Democrats have hailed the infrastructure law, with its $550 billion in new road, rail and broadband funding, as a transformative shift for the country. But inflation — which reached a 40-year high of 8.6 percent last month — has already slashed billions from its value, forcing states to cancel or delay projects as costs balloon.

These skyrocketing building costs are undermining Democrats' ability to campaign on their hard-won infrastructure package — the result of months of grueling negotiations — in the crucial months before the midterm elections. And Republicans are seizing on the moment to blame Democrats for stalled projects, high prices and red tape.

In North Carolina, for instance, despite the gusher of cash coming out of the federal government, state officials will add new projects to their long-term infrastructure plans only if they replace existing ones.

“If [inflation] doesn't slow down, we're just going to end up eating into the capacity of getting more infrastructure done,” said Robert Scaer, CEO of the global engineering firm Gannett Fleming. “We're going to spend a lot more money for fewer projects. … The buying power of [the infrastructure law] is absolutely being diluted.”

Materials’ prices were already on the rise even before inflation hit levels unseen in decades in May — for instance, the price of steel doubled in the year before Biden signed the Infrastructure Investment and Jobs Act in November 2021. It came down briefly after that but is back near its highest point ever.

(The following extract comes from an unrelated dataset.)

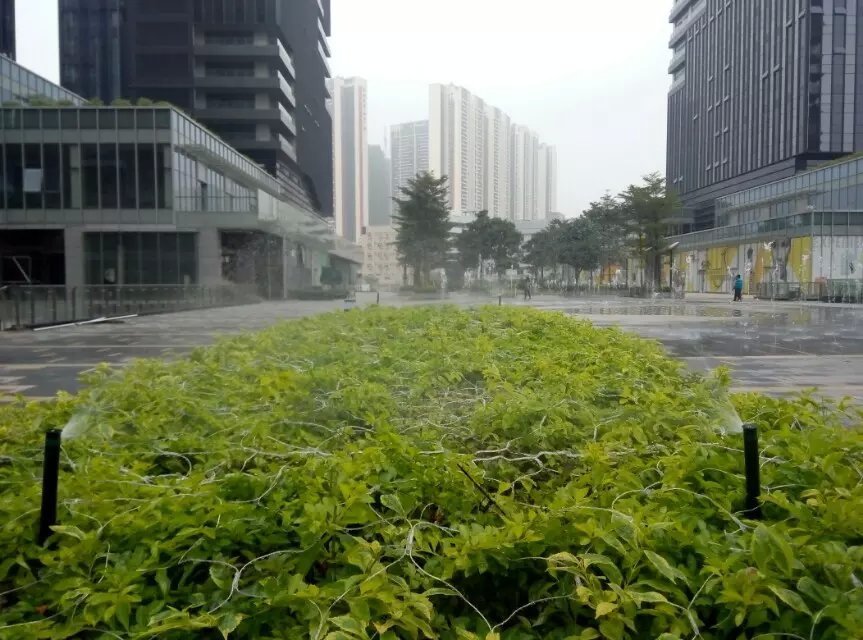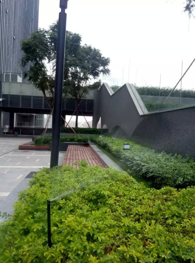 下圖為華為在天安云谷的辦公場所,其樓前草坪及樓層平臺綠化灌溉均采用了亨特灌溉系統(tǒng)。

Since the bill's passage, the price of diesel fuel, which is needed to ferry stone from quarries, which will eventually be turned into concrete and asphalt, has gone up by about $2 a gallon, an increase of more than 50 percent. And workers — if you can find them and keep them — are commanding higher pay.

Sen. John Barrasso (R-Wyo.), who until recently led Republicans on the Senate Environment and Public Works Committee, told POLITICO that people in his state are feeling the pinch.

"I've heard in Wyoming that they thought they were going to be able to do a lot more than they're going to be able to do now under Joe Biden's inflation, which is a real problem for them," said Barrasso. "Roads, bridges, airports, water projects."

Democrats counter that despite inflation’s impact, the investment is still historic and people are excited for the cash infusion.

"It was a once-in-a-generation increase in resources," said Sen. Ben Cardin of Maryland. "It certainly won't go as far as we would like it to, but we meet every year. So, we adjust as we go forward."

Still, Cardin said Congress might have to increase appropriations to account for the lost buying power — something Democrats might not have the power to do, if the midterm elections go as expected.

Inflation pinching projects already

Already, cities and states that have anticipated using the new federal dollars are seeing the costs of their planned infrastructure projects skyrocket, which could limit how far they can stretch their newly minted federal dollars once they arrive.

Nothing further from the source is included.